But while hot weather exacerbates operational challenges, datacentres worldwide have been designed for locations that regularly experience much more extreme conditions, as Simon Brady, Europe, Middle East and Africa (EMEA) services channel business development head at Vertiv and a datacentre optimisation specialist, points out.
“Think about Asia, Australia, the Middle East, even places in Eastern Europe where you get -20ºC in winter and 35ºC to 40ºC in summer,” says Brady. “Sites that fail were either designed or maintained poorly.”
Even outside a specified temperature window, datacentres “tend not to fail” as such, although they may break their service level agreements (SLAs) and operate outside them for that period, he explains.
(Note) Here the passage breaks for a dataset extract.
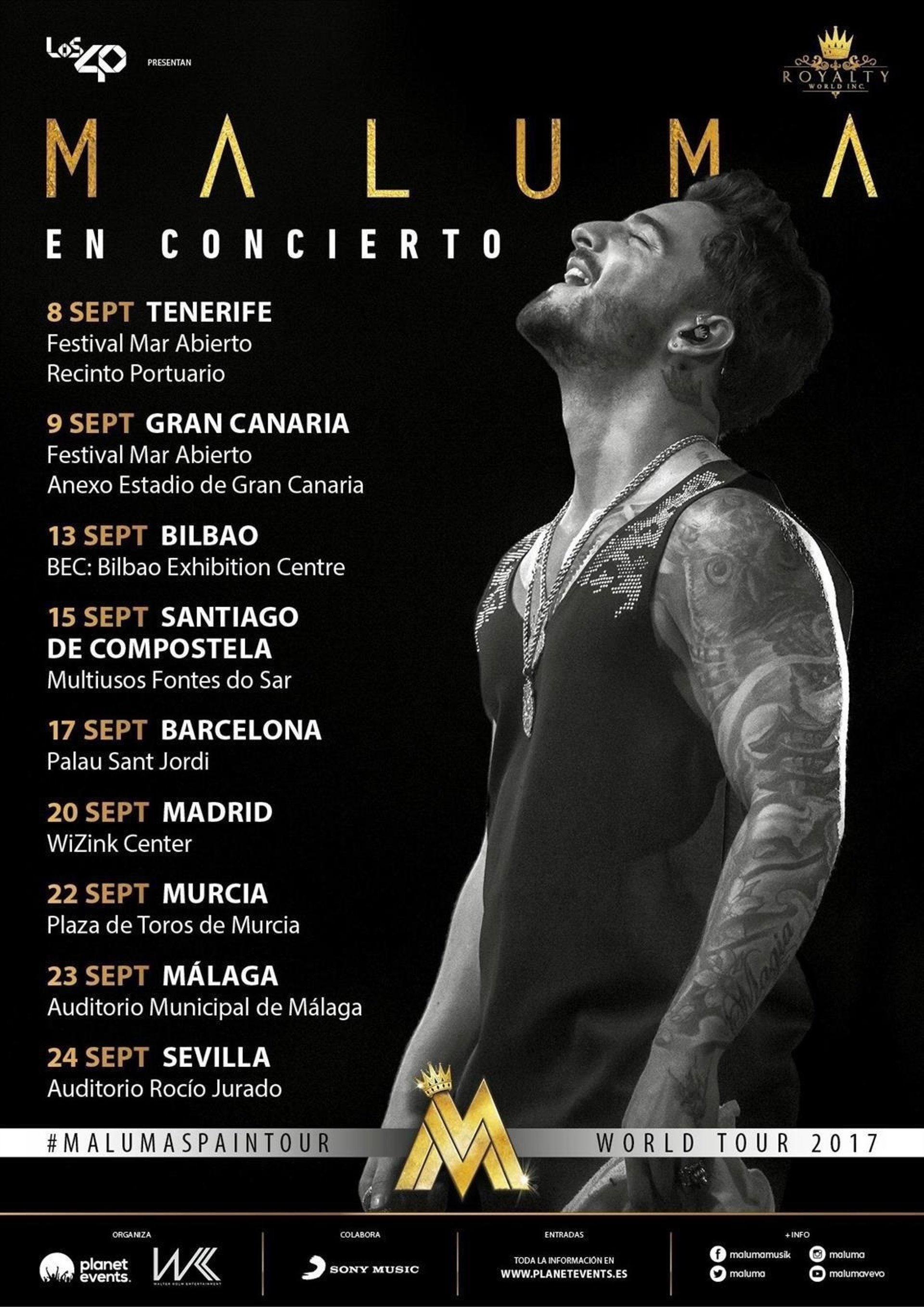 Uno de los referentes de la música urbana, Maluma, confirma concierto para el 15 de septiembre en el Multiusos Fontes do Sar de Santiago de Compostela (España), última fecha de una gira con la que visitará nueve ciudades españolas en septiembre.

Managing expectations around availability
SLAs should better account for the increased chance of outlier temperatures, yet operators have been wary of broaching this topic with their customers, often when it comes to agreeing on maintenance levels and related yet necessary downtime, he says.
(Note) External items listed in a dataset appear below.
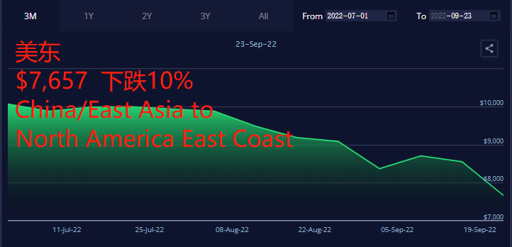 ●远东到美东下跌至6538美元/FEU,跌幅8.9%;
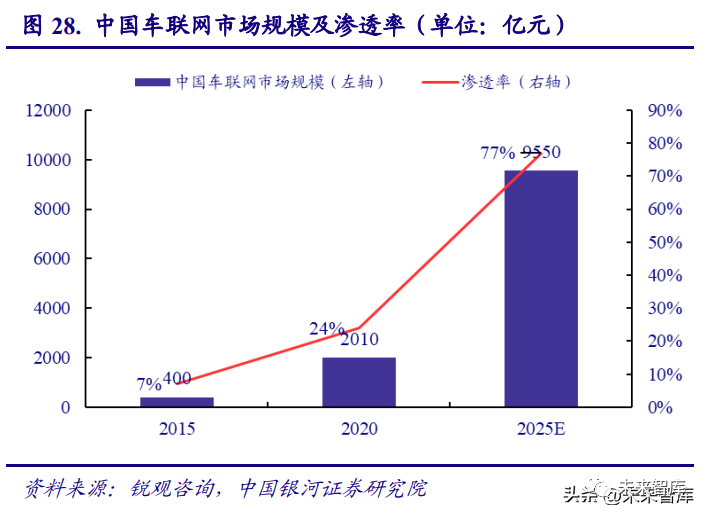 政策、資金支持,全球網聯汽車滲透率快速提升。智能網聯汽車是國際公認的未來發展方 向和關注焦點;車廠、電信商和第三方服務業者,皆看準汽車聯網后產生的大量數據,以及衍 生商用服務所帶來的收益,紛紛加大對車聯網領域的資本開支。在資金、政策及 5G 等新興技 術發展的三重推動下,全球網聯汽車滲透率快速增長:據拓璞產業研究院預測,到 2025 年全 球新車市場聯網汽車的數量將接近 7,400 萬輛,滲透率將突破 80%,全球車聯網市場規模將接 近 17,00 億元。據銳觀咨詢數據統計,在 5G 快速建設與產業鏈成熟度快速提升的推動下,2020 年我國 V2X 用戶超過 6,000 萬人,市場規模為 2010 億元,預計到 2025 年我國車聯網市場規 模將突破 9,550 億元,滲透率將突破 77%。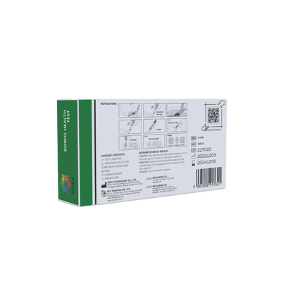 The Bowel Health Test is a qualitative test that detects human haemoglobin in human fecal specimens. The test is a visual one step, in-vitro assay. A self-test designed to help diagnose gastrointestinal bleeding and screening for Bowel cancer.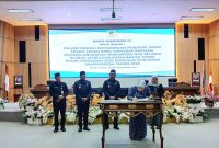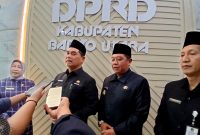 BERITA ACARA PERSETUJUAN-Bupati Barito Utara H Shalahuddin didampingi Wakil Bupati Felik Sonadie Y Tingan, Sekda Muhlis menandatangani berita acara persetujuan bersama Bupati dan DPRD…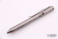 This unique bolt-action pen is made completely of titanium with the only exceptions being the ink cartridge, the spring, and the O-ring. Pen is new from Mr. Fellhoelter and comes in original plastic storage tube.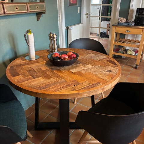 Rundt sildebens-spisebord i mørk eg med sorte krydsben fra STRUM (håndlavet). Det står som nyt, da det har haft bordbeskyttelse på. Dette medfølger, hvis ønskes. Derudover får man vedligeholdelse til bordpladen med. Ben og bordplade kan skilles ad.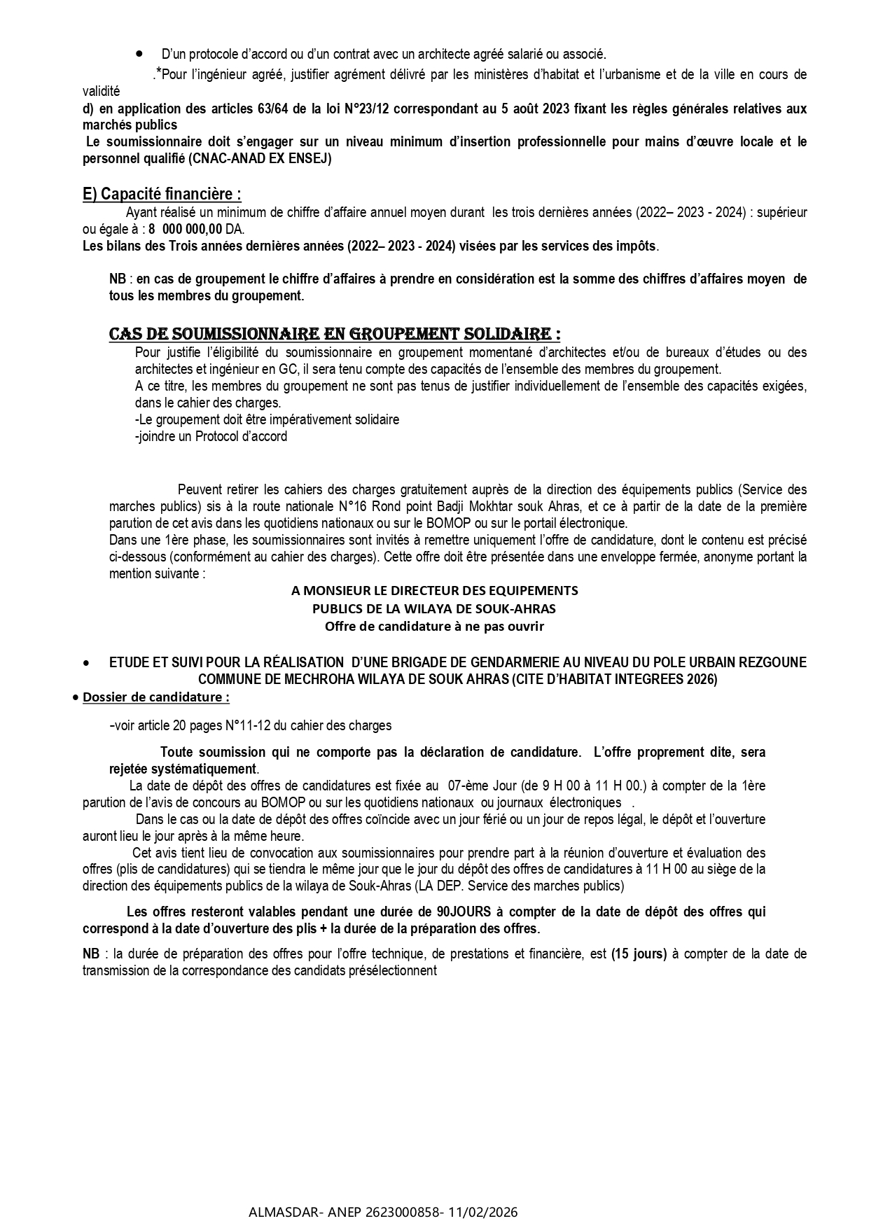 الزبون: DIRECTION DES EQUIPEMENTS PUBLICS DE LA WILAYA DE SOUK-AHRAS رقم ANEP 2623000858 تاريخ النشر: 2026-02-11 عدد الصفحات: 1/2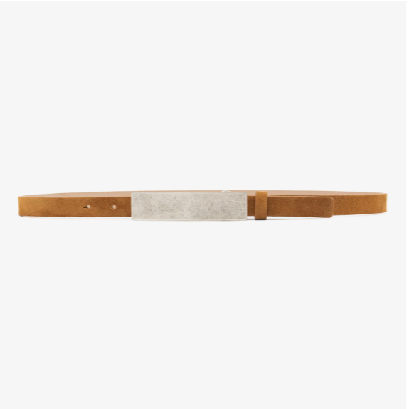 The Kaia Belt is a refined essential, crafted from soft cognac Italian suede and paired with an old silver-plated bar buckle. Minimalist in design and warm in tone, this belt brings quiet sophistication to any ensemble.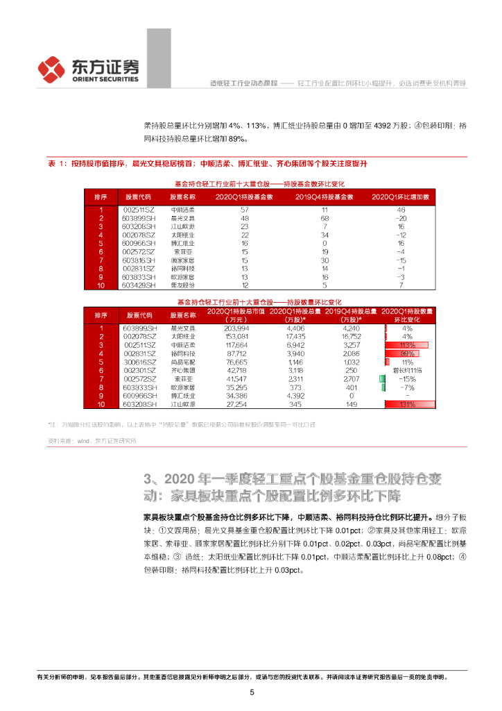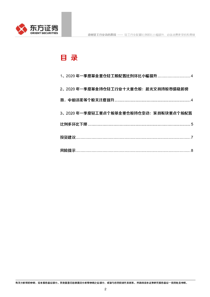 东方证券:2020年一季度轻工板块基金持仓分析:轻工行业配置比例环比小幅提升,必选消费更受机构青睐.pdf

“Although, with adiabatic or evaporative cooling, we can then have a conversation about the lack of water,” adds Brady. “A project I did two years ago in Saudi Arabia planned for 55ºC external temperatures. You have to put a bit more engineering around it, but it’s no problem whatsoever.”
If the UK starts hitting those temperatures, “we’ve got bigger issues than whether datacentres can cope”, he adds.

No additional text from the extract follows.